Disabling integer propagation would be really weird and bad.
So we are left with making "(int*)(uinptr_t)foo -> foo" an invalid transformation in general.  It's correct in some cases, but not always.

AA is behaving correctly because it is working just over pointers (since integer casts were removed) and thus it is allowed to looking strictly at data-flow dependencies.

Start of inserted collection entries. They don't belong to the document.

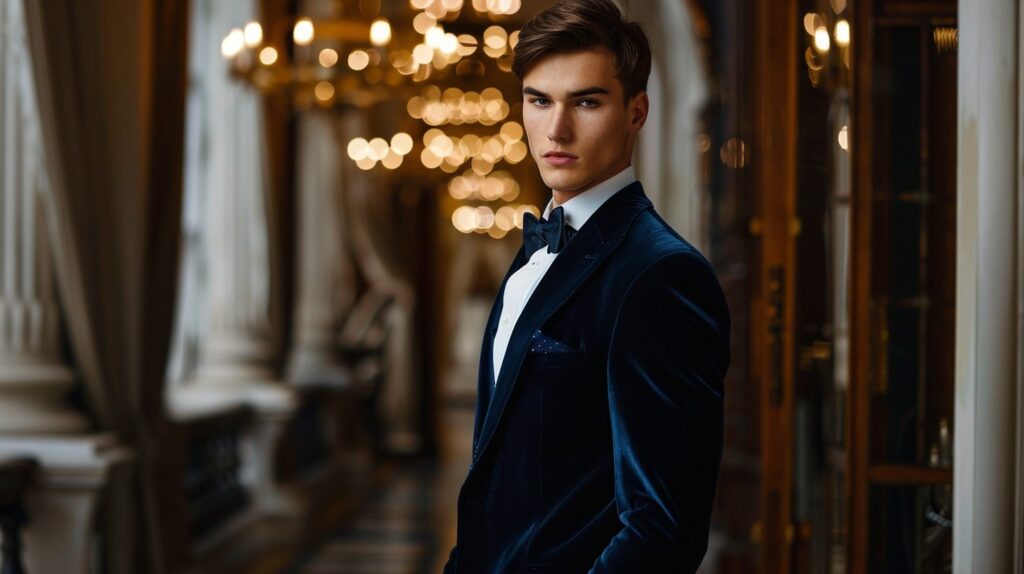 A velvet navy blue suit brings a touch of luxury and old-school charm. It’s perfect for evening proms, offering a soft, rich texture that shines under the lights.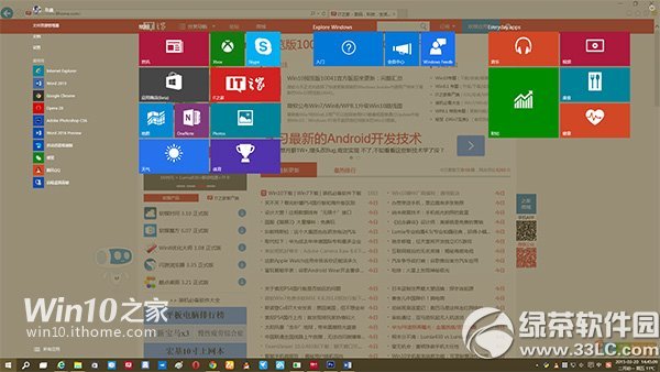 按照微軟的設計,開始屏幕狀態下背景應該只能見到桌面壁紙,而不應該見到其他已有窗口。但在Windows10預覽版10041中,由于開始屏幕和開始菜單支持透明效果,用戶在使用開始屏幕或者平板模式的時候,會發現開始屏幕只是單純覆蓋在當前窗口之上,并沒有根據微軟要求只顯示桌面壁紙。這樣雖然不算難看,但會在一定程度上影響用戶的使用體驗,造成視覺困難。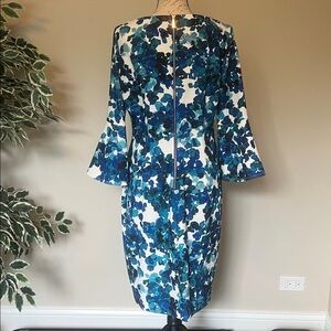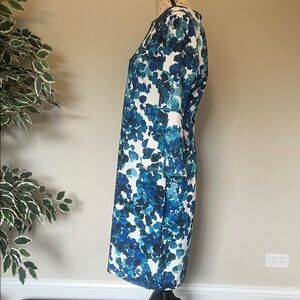 Stylish dress with a vibrant blue and green pattern. Perfect for any occasion.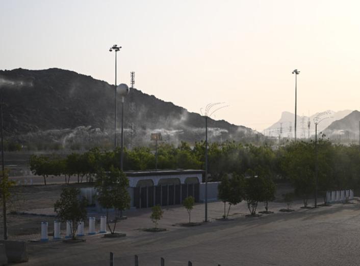 A massive sprinkler system with over 8,000 water posts has been set up at the holy sites to help cool pilgrims and reduce dust in the atmosphere.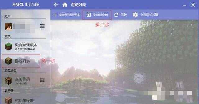 1、点击(dianji)游戏列(lie)表(biao)-安装整合包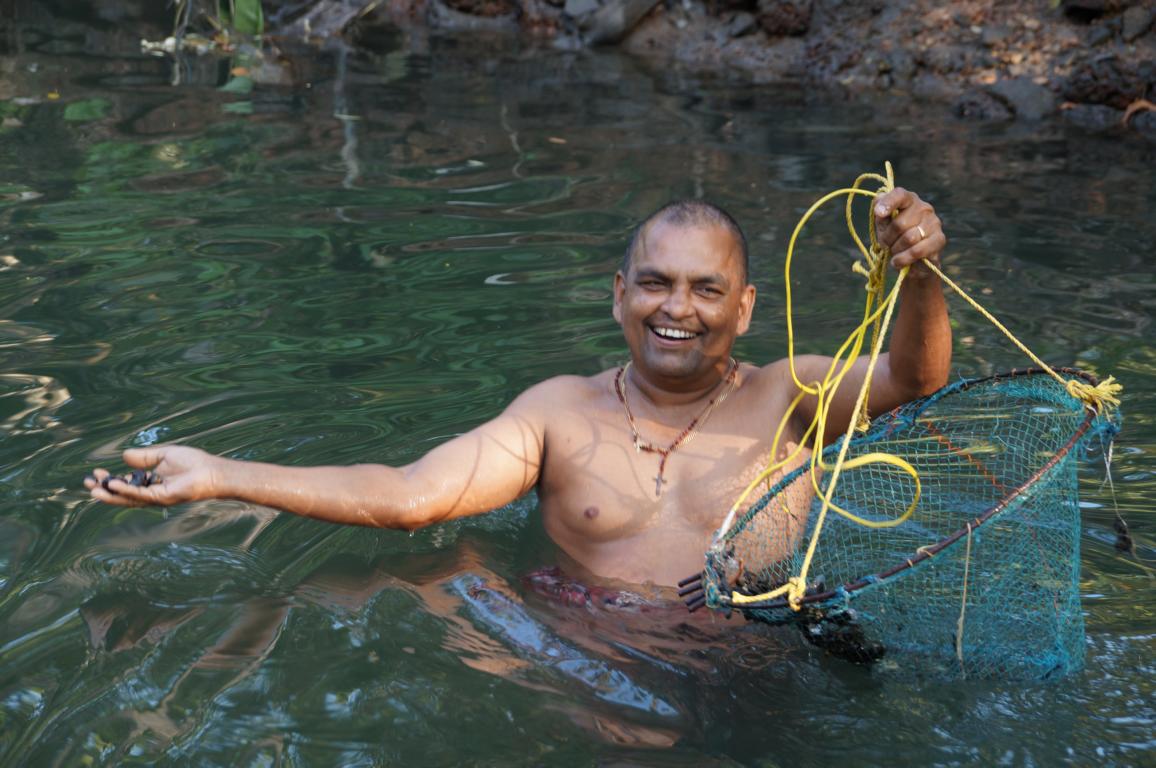 Gegen Abend werden die Fischer aktiv und senken die Netze ins Wasser für den Crevettenfang. Die alten Holzmasten ächzen bedenklich, nach fünf Minuten wird das Netz wieder hochgezogen. Die Ausbeute ist nicht gross und so senkt und hebt sich der Mast mit dem Netz immer wieder, das in mühsamer Handarbeit. Holzboote paddeln vorbei, zwei Fischer mit ihren Netzen versuchen den Fang im Süsswasser. Amöben und Mikroben würden uns sofort befallen in diesem Nass, doch die Einheimischen paddeln unbekümmert darin.
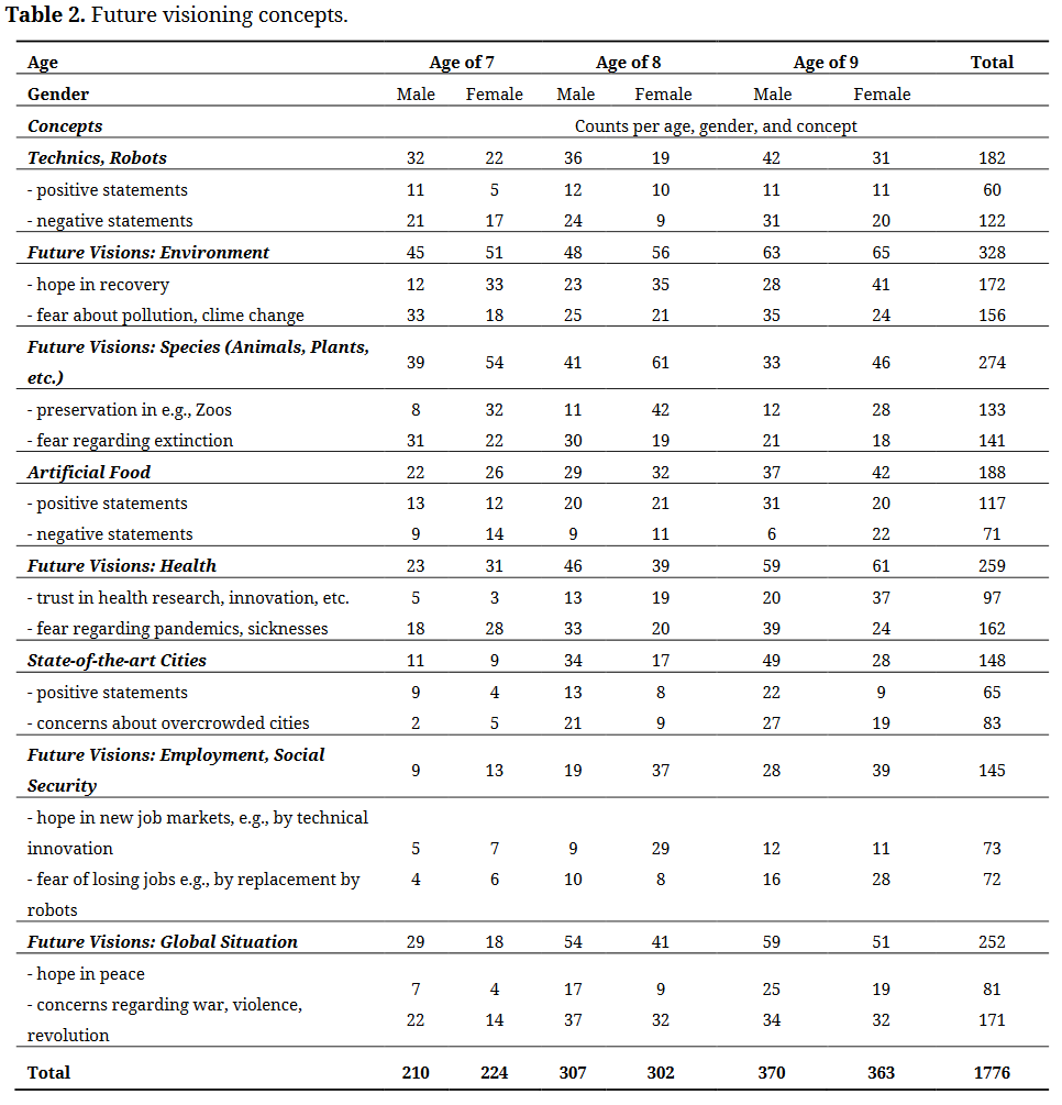 Regarding the first research aim, 73 Swiss pupils at ages between seven and nine were asked to draw a picture of their imagination “how the world looks like in 2040”. The author kept the instruction open, though “2040” might be narrowing. However, several pretests showed enhanced ST-activity regarding the description of the drawing, which is the manifestation of the pupils’ ideas, beliefs, guessing, etc. the pupils’ mind was crossed during drawing.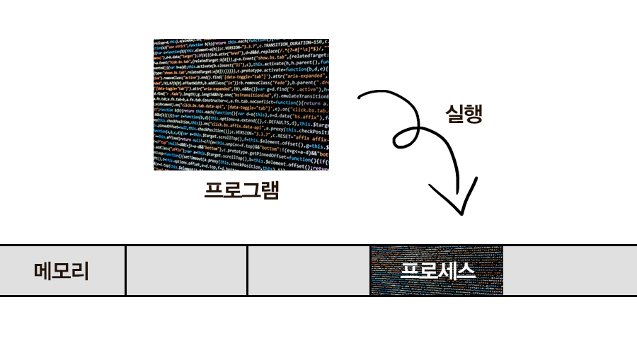 - 프로그램 -> 프로세스 를 그림으로 표현하면 다음과 같다.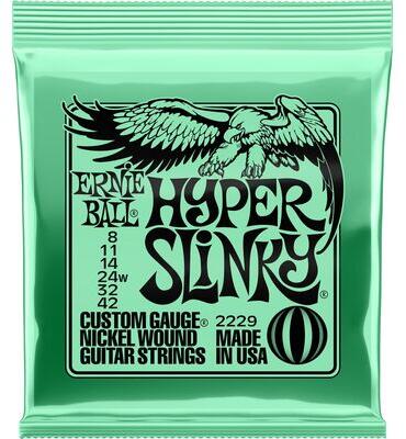 Ernie Ball 2229 Nickel Wound Hyper Slinky 8-42 elektromos gitárhúrAz Ernie Ball Hyper Slinky húrok az Extra Slinky és Super Slinky húrok között képeznek egy lépcsőt, ezzel biztosítva egy könnyű, gyors érzést lényegesen kisebb ellenállással a magasabb húrokon. Kifejezetten azon zenészeknek lett kifejlesztve akik keresik a még könnyedebb játékérzetet minimális különbségg

The fix, we believe, is simple: remove the transformation "(int*)(uinptr_t)foo -> foo", or enable it just in the cases when it's correct.
For example, it's correct in this case:
  int v = p; // p is provably dereferenceable
  int *q = v;
  *q = ..;
    =>
  *p = ...;

but it's not correct in this case (at GIMPLE/SSA level):
  int v = p; // p may *not* be dereferenceable
  int *q = v;
  *q = ..;
    =>
  *p = ...;
Comment 5 rguenther@suse.de 2017-09-22 11:26:15 UTC
On Fri, 22 Sep 2017, nunoplopes at sapo dot pt wrote:

> https://gcc.gnu.org/bugzilla/show_bug.cgi?id=82282
> 
> --- Comment #4 from Nuno Lopes <nunoplopes at sapo dot pt> ---
> There are two major transformations going on:
>   if (u != v) {
>     v = u;
>   }
> =>
>   v = u
> 
> (with v, u integers)
> 
> and:
> 
>   glb = (int*)(uinptr_t)foo)
> =>
>   glb = foo
> 
> 
> Doing both triggers the end-to-end miscompilation for a C program that exhibits
> no UB.  That means that one of transformations is wrong.
> Disabling integer propagation would be really weird and bad.
> So we are left with making "(int*)(uinptr_t)foo -> foo" an invalid
> transformation in general.  It's correct in some cases, but not always.

The C standard says it is correct as in, it yields the same pointer.
Comment 6 Richard Biener 2019-04-11 13:17:14 UTC
I think elsewhere I noted that propagating an equivalency is likely what makes
those cases appear.  In this cases it would be phiopt.  Still not doing that
would have some bad effects on optimization.